Recorded information below:

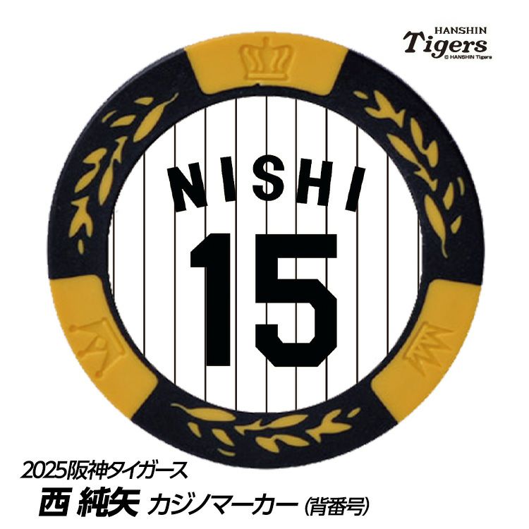 阪神タイガース、西純矢選手のゴルフ用カジノチップマーカー。表面は各選手の背番号、裏面は90周年ロゴのデザインです。阪神タイガース承認。
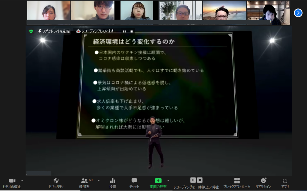 代表からの方針発表もスライドと代表が見やすく話が聞きやすいカメラワークで、
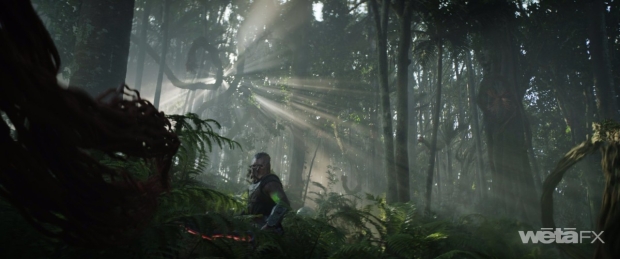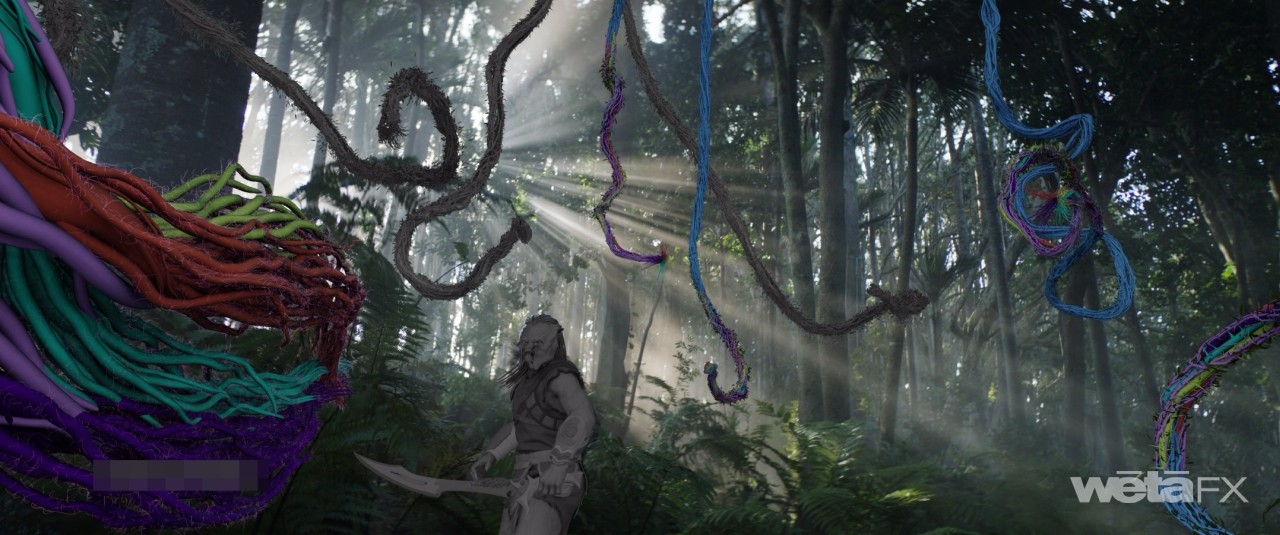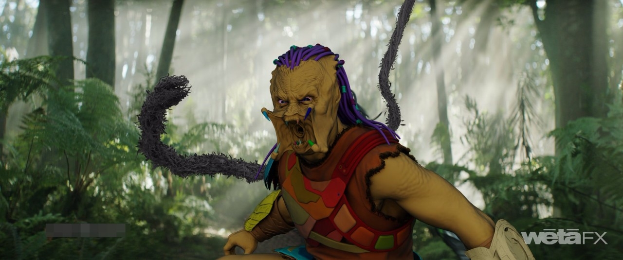 The Kalisk, a giant monster with the ability to regenerate, proved a worthy adversary. “It was a very long journey for the Kalisk to be locked down and become the character that you see on screen now,” reveals Stopsack. “While there were initial concept designs that were done and delivered to us, our art department was also involved. There were characteristics and features reflected in the functionality of the body that were explored. For instance, the initial designs didn't have a lot of these tendrils that you see on the Kalisk. It was a much slicker, leaner appearance at first. Not only do you go through these creative iterations as you’re concepting and designing it, but there's also the form following function aspect. You have to make sense out of the context where you see the creature and how you engage with it; that informs retrospectively how the appearance needs to follow and what features and characteristics you see on the creature.” Eventually, the Kalisk design had to be modified once again to suit the captured footage and editorial requirements. “When the Kalisk first appears in the movie, coming out of this bushy forest and very foggy environment, you want that to leave an impression,” observes Stopsack. “It needed to feel right, and unique. It wanted to be intimidating. Many aspects were still in flux at that point.”

End of Recorded information.

**Problem to solve**
Reproduce the material above exactly, first line through the line that contains "代表からの方針発表もスライドと代表が見やすく話が聞きやすいカメラワークで、", minus the pictures.

**Task output**
 阪神タイガース、西純矢選手のゴルフ用カジノチップマーカー。表面は各選手の背番号、裏面は90周年ロゴのデザインです。阪神タイガース承認。
 代表からの方針発表もスライドと代表が見やすく話が聞きやすいカメラワークで、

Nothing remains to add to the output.